## About this task
Transcribe the records verbatim, images excluded.

(Dataset items)
▼
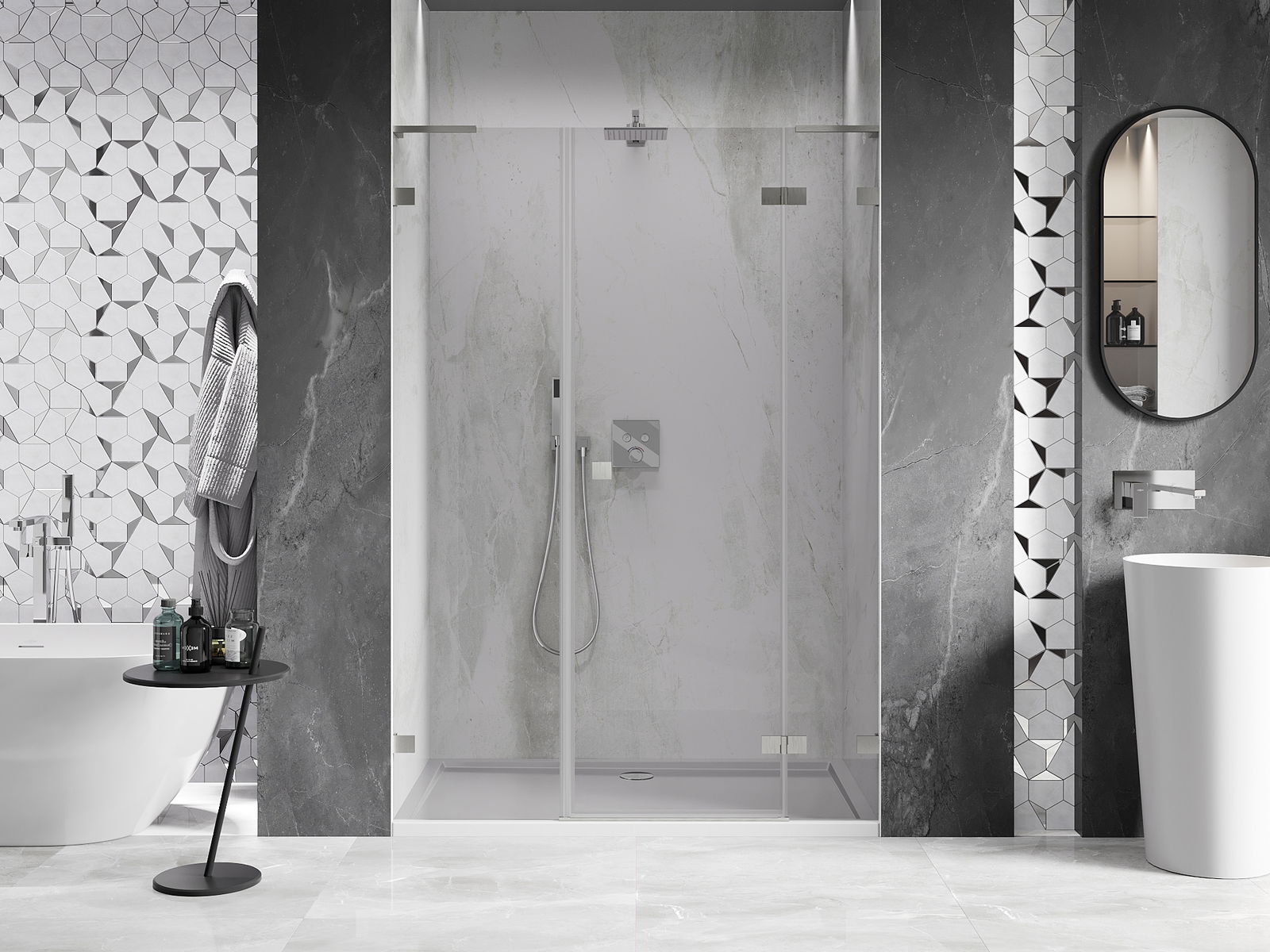 Mexen Lunar L dešinės pusės dušo durys, atidaromas, 130 cm, skaidrios, šlifuotas nikelis - 834SL-130-050-97-00-P
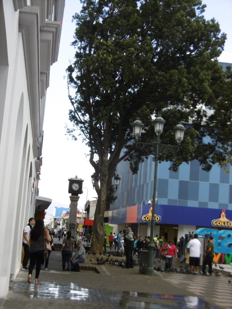 Autour de la Place de la Culture, de nombreux vendeurs de billets de loterie crient leurs nombres. Les feux rouges sont sonores et bippent quand les piétons peuvent passer. Dans les magasins on pousse un peu fort la sono. En ce moment ce sont les Soldes d’été. Au Costa Rica la saison sèche est appelée « l’été » même si on est au mois de mars. Rabais sensationnels sur les chaussures, les blouses et les maillots de bain. C’est joli. Nous sommes dans un quartier chic. Malheureusement nos valises sont pleines à craquer. L’Avenida Central est noire de monde.
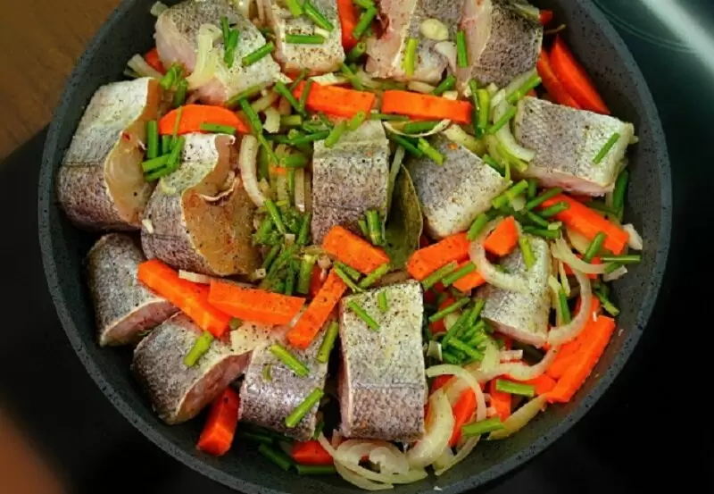 Добавьте к овощам куски рыбы и оставшуюся часть нарезанных ингредиентов. Украсить блюдо свежим укропом, добавить лавровый лист, а также дополнительную соль и перец. Уменьшите огонь до среднего, накройте сковороду крышкой и готовьте на плите в течение 25 минут. Этот процесс позволяет рыбе и гарниру готовиться одновременно, что существенно упрощает приготовление.
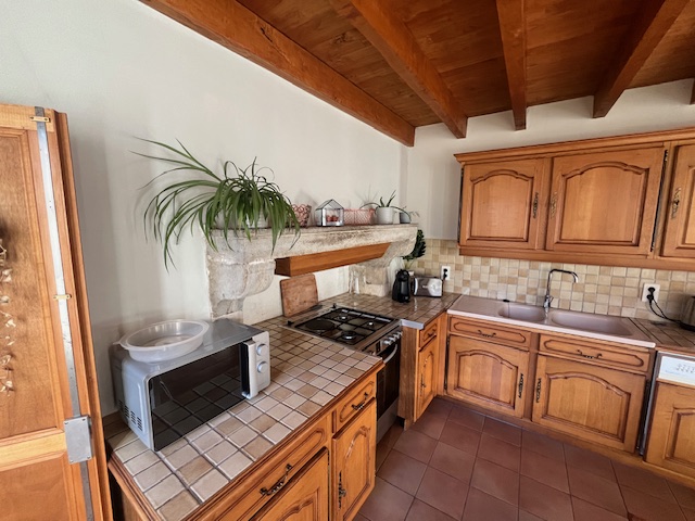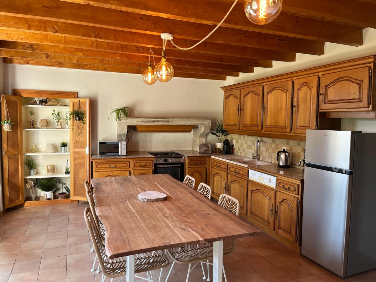 A fully equipped traditional kitchen with its dining table that can accommodate 8 people.
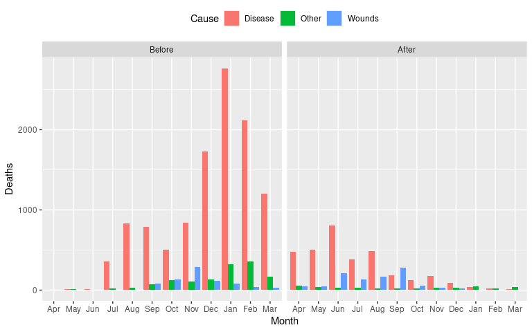 The bar chart produced by the following code has x axis labels that could be improved:
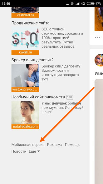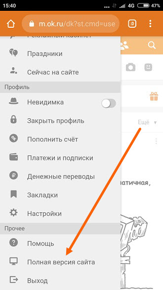 Как перейти на полную версию в Одноклассниках с телефона
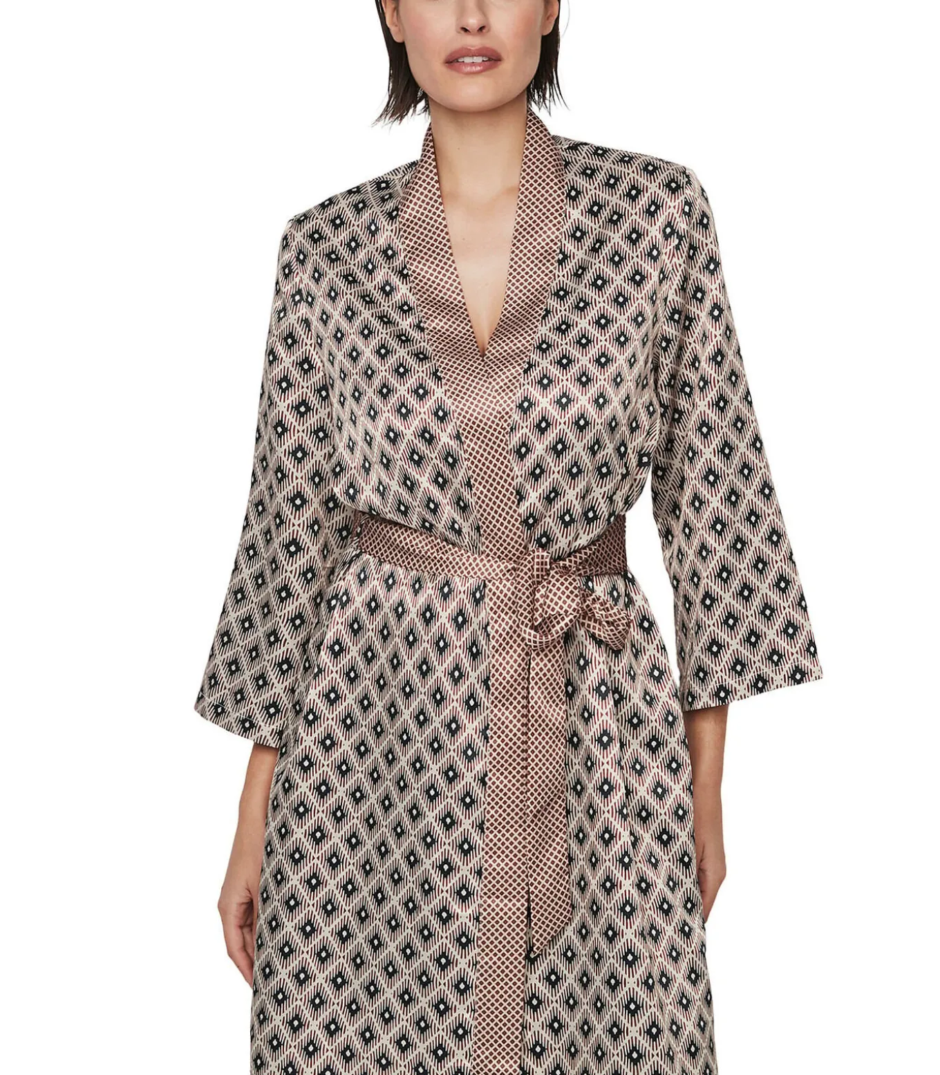 Een kimono met driekwart mouwen en een geraffineerd, elegant dessin in een satijnen stof die ultrazacht en vloeiend aanvoelt op de huid, wat zorgt voor een luxueuze uitstraling. De stof is versierd met een ruitpatroon, waardoor een zeer chique grafisch effect ontstaat. De V–halslijn en boorden en tailleband contrasteren met de rest van het kledingstuk in een rozebruine tint met een wit geometrisch rasterpatroon, wat textuur en een interessant contrastspel toevoegt. Het kan worden vastgemaakt met een bandje die in de taille kan worden geknoopt, zodat de pasvorm kan worden aangepast aan het silhouet. Een serie die zowel het comfort van een loungepak oproept als de elegantie van een gekleed, stijlvol kledingstuk voor een verfijnde interieurlook.
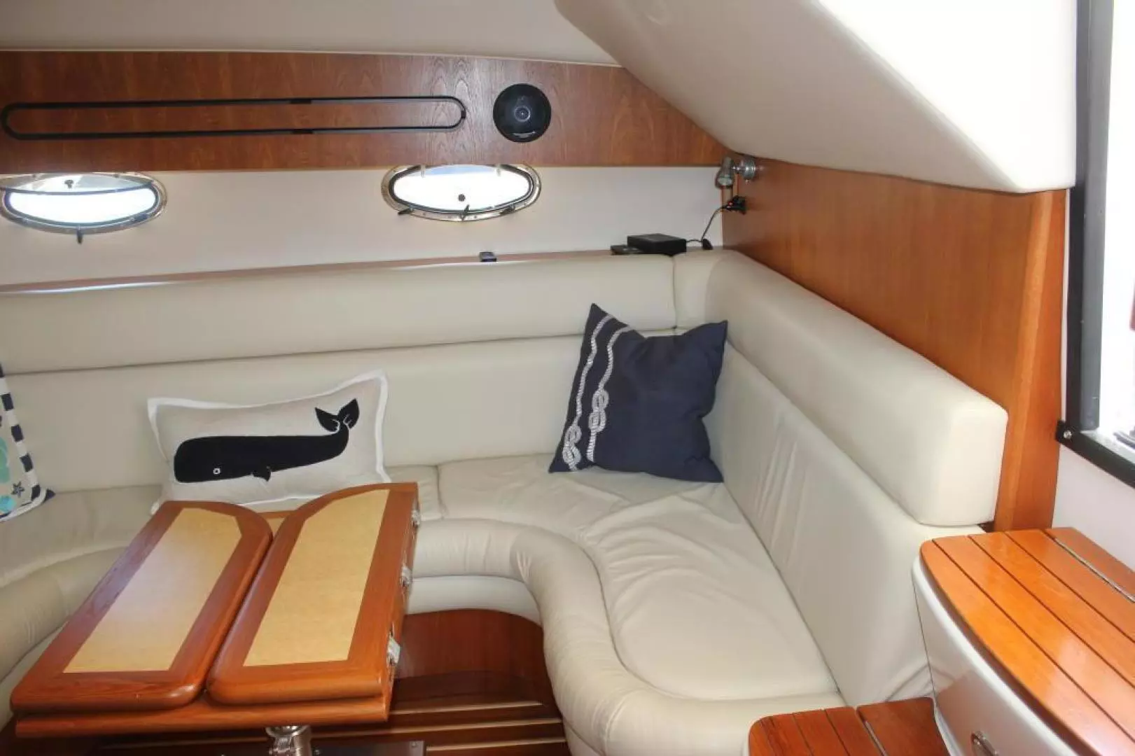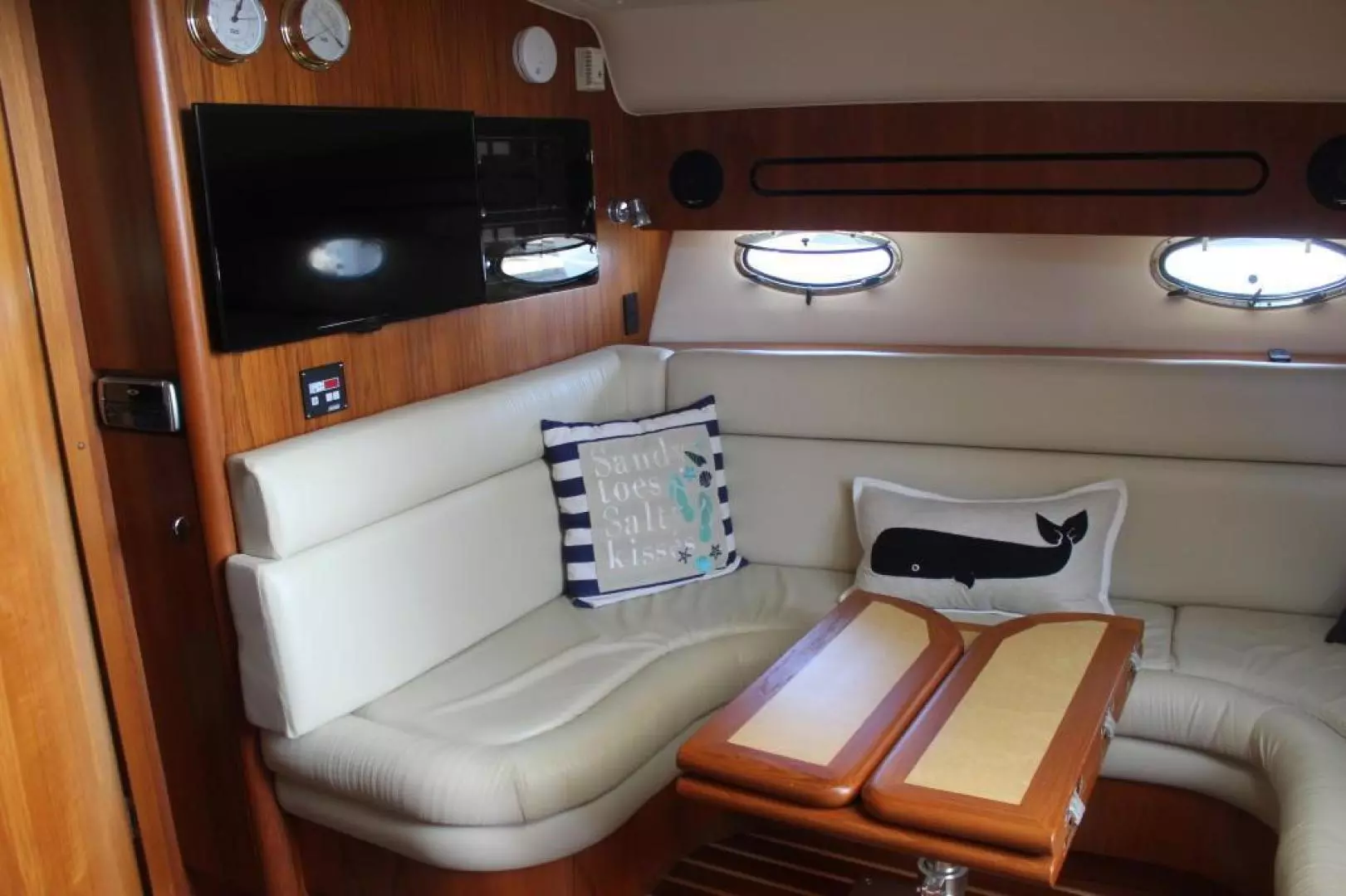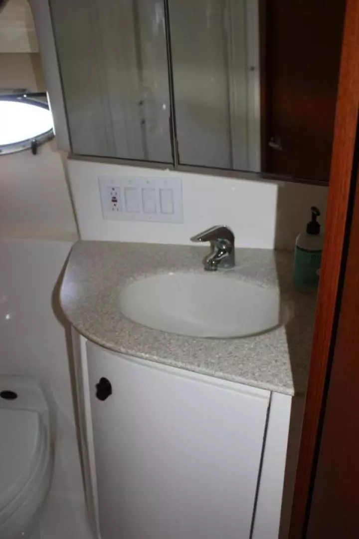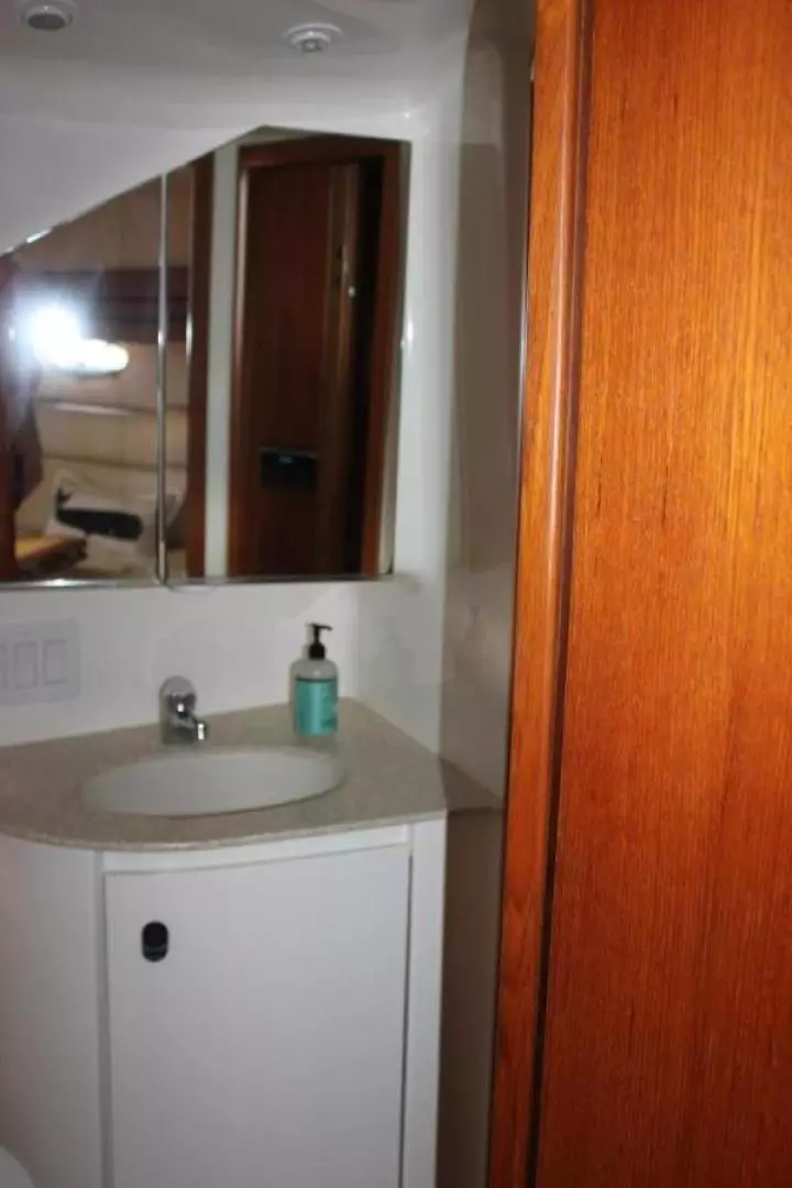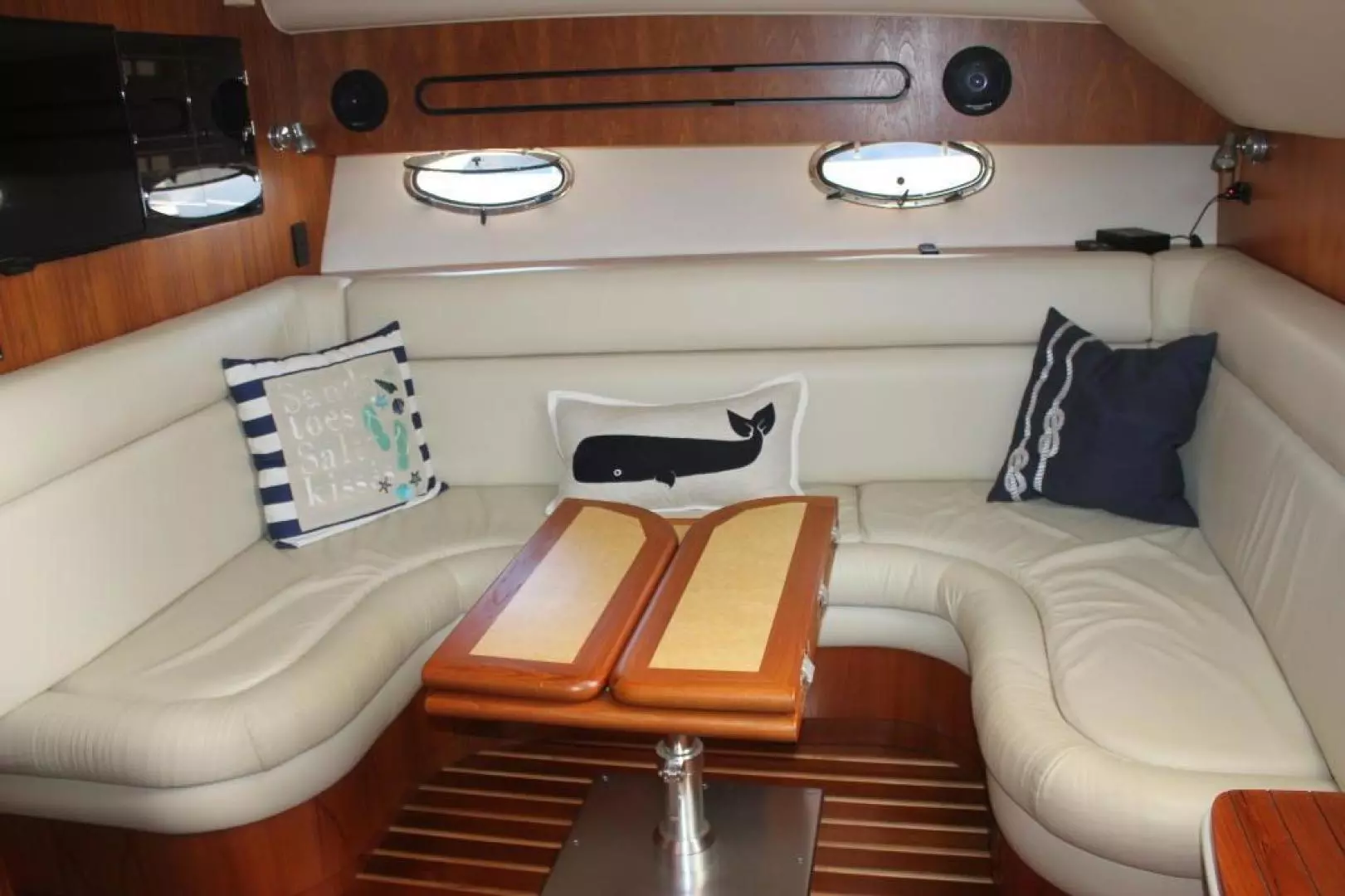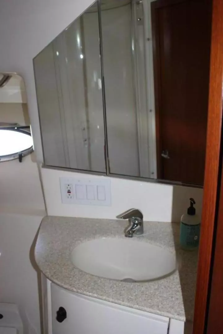 The cabin of Freedom is spacious and comfortable, featuring a double pedestal berth forward with plenty of storage below, hanging lockers, and hullside shelves. The head can be accessed from either the owner's stateroom or the salon. It has Corian countertops with sink, mirrored vanity, storage locker, and is a full fiberglass head with a separate shower stall including sliding door and sump pump. The U-shaped dinette with table and storage compartments below converts to a double berth and there is a pullman single berth above. The galley is well thought-out and features Corian countertops, S.S. double sink with pressure water system, recessed two-burner electric cooktop, built-in coffee maker, microwave oven, and refrigerator/freezer. There is a lot of storage.
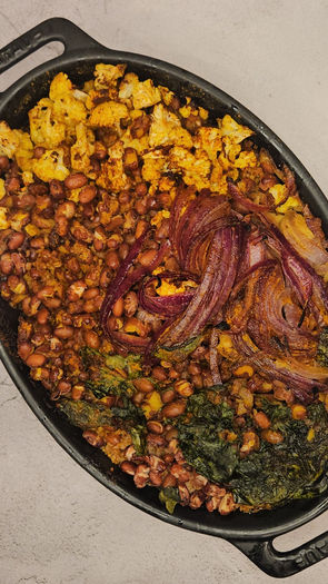 Add beans and veggies: Scatter the beans, spinach, sliced red onion, and cauliflower on top of the bulgur.
▲
## Response to the exercise
 Mexen Lunar L dešinės pusės dušo durys, atidaromas, 130 cm, skaidrios, šlifuotas nikelis - 834SL-130-050-97-00-P
 Autour de la Place de la Culture, de nombreux vendeurs de billets de loterie crient leurs nombres. Les feux rouges sont sonores et bippent quand les piétons peuvent passer. Dans les magasins on pousse un peu fort la sono. En ce moment ce sont les Soldes d’été. Au Costa Rica la saison sèche est appelée « l’été » même si on est au mois de mars. Rabais sensationnels sur les chaussures, les blouses et les maillots de bain. C’est joli. Nous sommes dans un quartier chic. Malheureusement nos valises sont pleines à craquer. L’Avenida Central est noire de monde.
 Добавьте к овощам куски рыбы и оставшуюся часть нарезанных ингредиентов. Украсить блюдо свежим укропом, добавить лавровый лист, а также дополнительную соль и перец. Уменьшите огонь до среднего, накройте сковороду крышкой и готовьте на плите в течение 25 минут. Этот процесс позволяет рыбе и гарниру готовиться одновременно, что существенно упрощает приготовление.
 A fully equipped traditional kitchen with its dining table that can accommodate 8 people.
 The bar chart produced by the following code has x axis labels that could be improved:
 Как перейти на полную версию в Одноклассниках с телефона
 Een kimono met driekwart mouwen en een geraffineerd, elegant dessin in een satijnen stof die ultrazacht en vloeiend aanvoelt op de huid, wat zorgt voor een luxueuze uitstraling. De stof is versierd met een ruitpatroon, waardoor een zeer chique grafisch effect ontstaat. De V–halslijn en boorden en tailleband contrasteren met de rest van het kledingstuk in een rozebruine tint met een wit geometrisch rasterpatroon, wat textuur en een interessant contrastspel toevoegt. Het kan worden vastgemaakt met een bandje die in de taille kan worden geknoopt, zodat de pasvorm kan worden aangepast aan het silhouet. Een serie die zowel het comfort van een loungepak oproept als de elegantie van een gekleed, stijlvol kledingstuk voor een verfijnde interieurlook.
 The cabin of Freedom is spacious and comfortable, featuring a double pedestal berth forward with plenty of storage below, hanging lockers, and hullside shelves. The head can be accessed from either the owner's stateroom or the salon. It has Corian countertops with sink, mirrored vanity, storage locker, and is a full fiberglass head with a separate shower stall including sliding door and sump pump. The U-shaped dinette with table and storage compartments below converts to a double berth and there is a pullman single berth above. The galley is well thought-out and features Corian countertops, S.S. double sink with pressure water system, recessed two-burner electric cooktop, built-in coffee maker, microwave oven, and refrigerator/freezer. There is a lot of storage.
 Add beans and veggies: Scatter the beans, spinach, sliced red onion, and cauliflower on top of the bulgur.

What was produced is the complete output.